Добавить в цитаты Настройки чтения

Страница 12 из 17

Так еще одно имя было вписано в поминальный список старухи — имя первого отнятого войной. Имя же Феденьки должно быть занесено в какой-то особый список тех, кто не побоялся по своей воле пойти на свиданье со смертью. Такого списка, однако, у старухи не было, хоть и молится она за здравие раба Божия Феодора, который уснул сейчас тяжелым сном, и снится ему Коля. Он склоняется над списком и говорит негромко, что он — был, был и ждал его, а потом был экстерминирован, но прежде-то был!.. Глаз швагер не поднимает и продолжает чужим уже голосом, что выдать одежду экстерминированного не представляется возможным. От этого чужого голоса сон прерывается, и тихонько, стараясь не разбудить жену, доктор пьет сельтерскую, чтобы не думать про одежду, а значит, думая.

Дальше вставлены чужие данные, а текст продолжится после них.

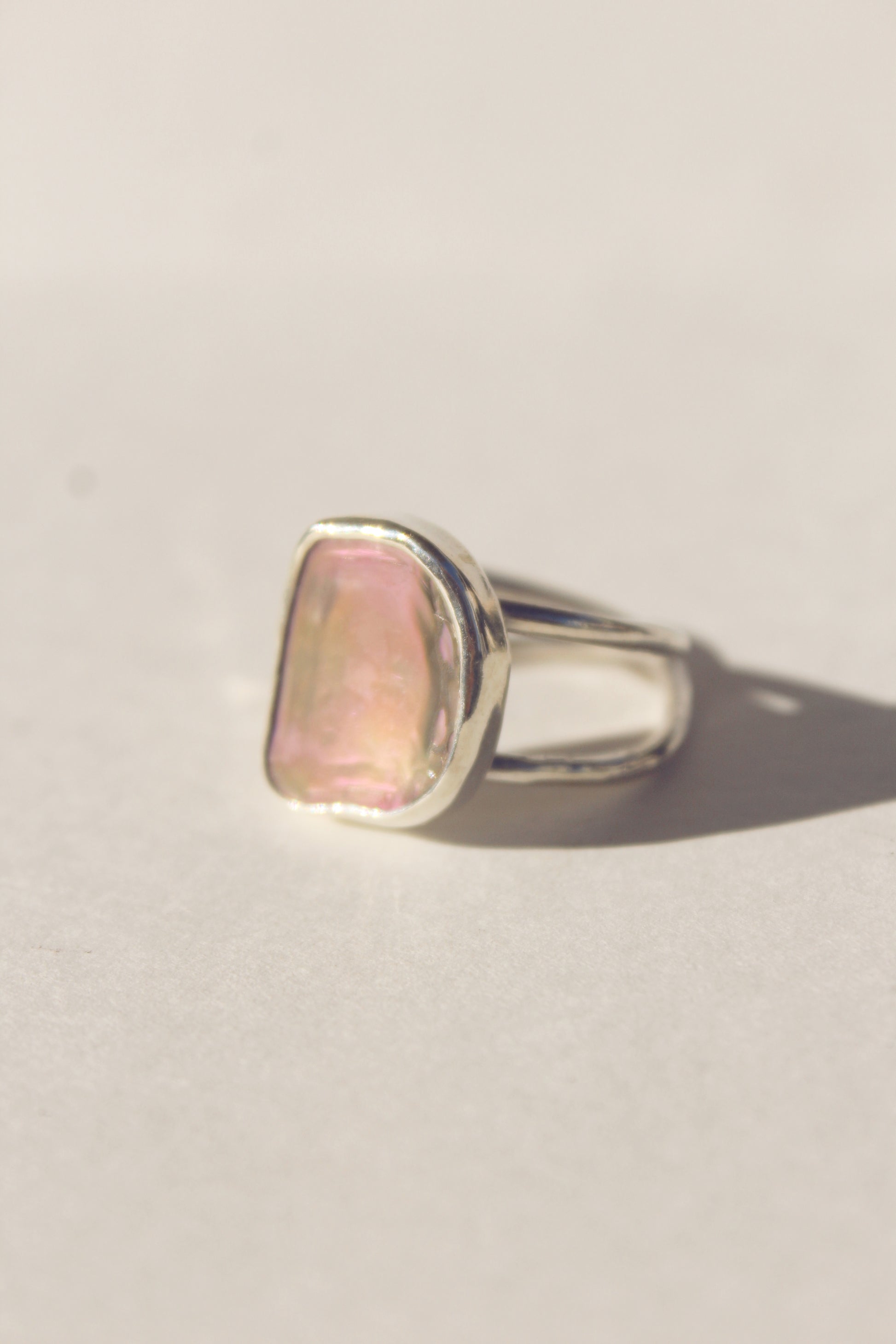 Handcrafted with 925 sterling silver and a cotton candy pink piece of abalone that is also slightly blue at other angles, and set on a double band for a statement finish

Может быть, рассказчику не следовало бы описывать все так подробно, а предыдущие несколько страниц и вовсе вычеркнуть? Дескать, если жили-были старик со старухой, то и сосредоточиться нужно именно на их жизни, и незачем так пристально концентрироваться на зятьях. Но, во-первых, имеет смысл доверять интуиции автора, ибо он — лицо ведомое, он не сочиняет, он просто идет за ниткой разматывающегося клубка; во-вторых… Впрочем, всегда хватает «во-первых»: проверено, и не раз. Невозможно зятя Феденьку, старухиного доброго ангела, упомянуть походя — только потому, что зять. Особенно сейчас, когда мамынька, проводив всех сыновей на войну, обратила на зятя любовь и тепло, предназначавшиеся им. Было еще что-то, что она не могла даже в молитве высказать, какое-то суеверное чувство: пока жив и здоров Федя, то и с ними ничего худого не случится. Он, в свою очередь, слово «мамаша» произносил с особой теплотой, потому что сиротство — оно ведь никогда не забывается, даром что своих уже двое. Вот и получилось, что тихий сутулый младший зять стал главой семьи, еще полгода назад такой внушительной, а теперь развеянной по фронтам и эвакуациям; и не тяготился этим.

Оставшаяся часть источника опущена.